Delivering an inclusive COP26 in the age of COVID-19 requires more than vaccines

The UK government announced last week that it would make vaccines available to people attending COP26 in Glasgow. But even vaccinated, negotiators from vulnerable nations face logistical and financial barriers to travel to Glasgow amid border closures and quarantine measures.

Brianna Craft's picture
Blog by
7 July 2021

Brianna Craft is a senior researcher with IIED's Climate Change research group

Landscape of terrace fields and homes

Negotiators from least developed countries and other climate-vulnerable states, such as Bhutan, will encounter several logistical and financial difficulties to reach the UK for COP26 (Photo: Curt Carnemark/World Bank via FlickrCC BY-NC-ND 2.0)

The announcement offers a path to vaccination for many, including delegates from the least developed countries (LDCs), which despite being home to 14% of the world’s population, have only administered just over 1% of global doses.

But vaccinations are just one step. Many logistical and financial barriers remain for prospective participants to what the UK has billed “the most inclusive COP ever”.

For negotiators coming from a least developed country, reaching the UK has never been easy.

Obstacles on the way to Glasgow

First, you need a visa, which in most cases you cannot get at home. You will need to travel to another country and apply in-person, waiting there until a decision is made. Online visa applications, available to other UK visitors, are not available to you.

With most countries currently enforcing some level of COVID-19 restrictions, many nations won’t allow travel beyond their borders or are restricting people returning from abroad. This is the case in many island nations.

This means that the first hurdle to travelling to the UK may be insurmountable for some low-income countries.

If your home country and the country where your visa is processed are permitting travel, COVID-19 has added quarantine to the mix. So a visa trip that would have taken two or three days pre-COVID-19, now takes several weeks.

Should you get a visa, you then need to travel to the UK. There are only a handful of direct flights from least developed countries to London, and there are no direct flights to Glasgow. You will most likely need to transit through other countries – such as India, Thailand, Morocco, Fiji or the United Arab Emirates.

Before COVID-19, this was inconvenient. With COVID-19, it may be impossible.

Fiji, for example, is not allowing any transiting passengers from any other country.

Meanwhile, the pandemic has reduced the number of flights available, which means some transit hubs can only be reached every week, or every month, rather than every day.

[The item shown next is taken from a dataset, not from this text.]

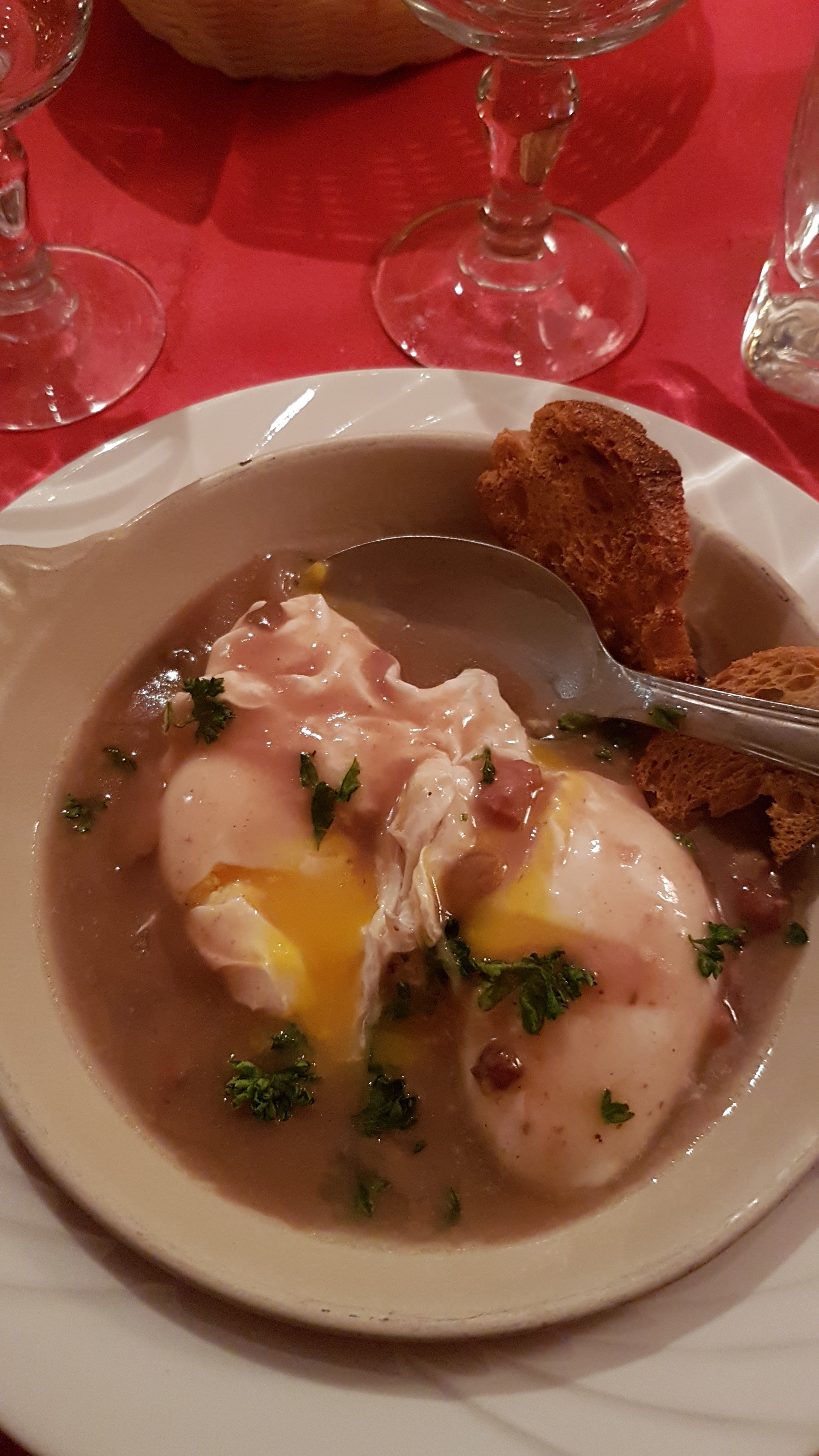 Déjà choquer que la patronne ne nous dise pas bonjour des notre entrée ensuite les œufs en meurette trop cuits et sauce acide et sans lardons et froid et les escargots mal présenter dans le plats légumes pour 4 qui auraient été plus pour2 personnes heureusement que la serveuse était très sympathique

If you make it to a transit hub, you will probably need to wait days for a corresponding UK flight. That will require entering the country through which you are transiting. And to do that, you will most likely need to quarantine.

Mounting costs

Should you finally reach the UK, you will find all 46 least developed countries are on red or amber lists. Those arriving from a red list country will need to stump up £1,750 for an 11-night quarantine in a designated hotel that includes meals, transfers and two COVID-19 tests.

Others, coming from an amber-list nation with a flight via London, will still need to quarantine there for five days before continuing on to Scotland.

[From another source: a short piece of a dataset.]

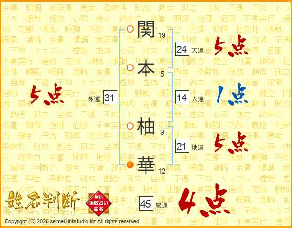 関(19画)本(5画) 柚(9画)華(12画)
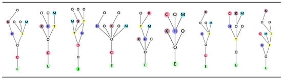 The article also employs the Justified Plan Graph (JPG) as a supplementary illustration to further elucidate the patterns presented in the data [] (pp. 25–28). The JPG serves as a visual representation of the spatial configuration, specifically exploring the relationships between each functional space of the system and every other space. It builds upon the depth graph and further showcases the relationships between various points and the selected points. By utilizing the JPG, the integration of data patterns with real-world scenarios can be presented more intuitively (Table 5 and Table 6).

All told, it has now taken you several thousands of dollars and about 45 days to reach Glasgow. Suddenly, October seems an impossibly short timeframe.

Vaccinations may reduce time spent in quarantine, but every country’s regulations are different. Some Small Island Developing Sates (SIDS) have already said they wouldn’t send delegates to COP26. They can’t risk someone bringing COVID-19 back from the UK to islands currently virus-free.

What can the UK government do?

The UK needs to urgently engage with the practical difficulties of an in-person COP26 and the particular obstacles for LDCs, SIDS and other delegates from climate-vulnerable countries.

With case rates and restrictions constantly changing, the UK host needs to think more imaginatively about scenarios and contingency planning.

The UK could use its extensive network of in-country embassies to reach out to LDCs and SIDS governments to develop plans. They could set up logistics teams and consult with the governments of major transit hubs to agree on viable travel routes and develop alternative scenarios should those prove impossible.

And while COP26 is four months away, in-person ministerial meetings are planned for as early as this month. There’s really no time to lose in addressing these issues.

It is vital that those suffering most from the consequences of climate change have their voices heard, and that starts with ensuring they have as much access to these talks as everyone else.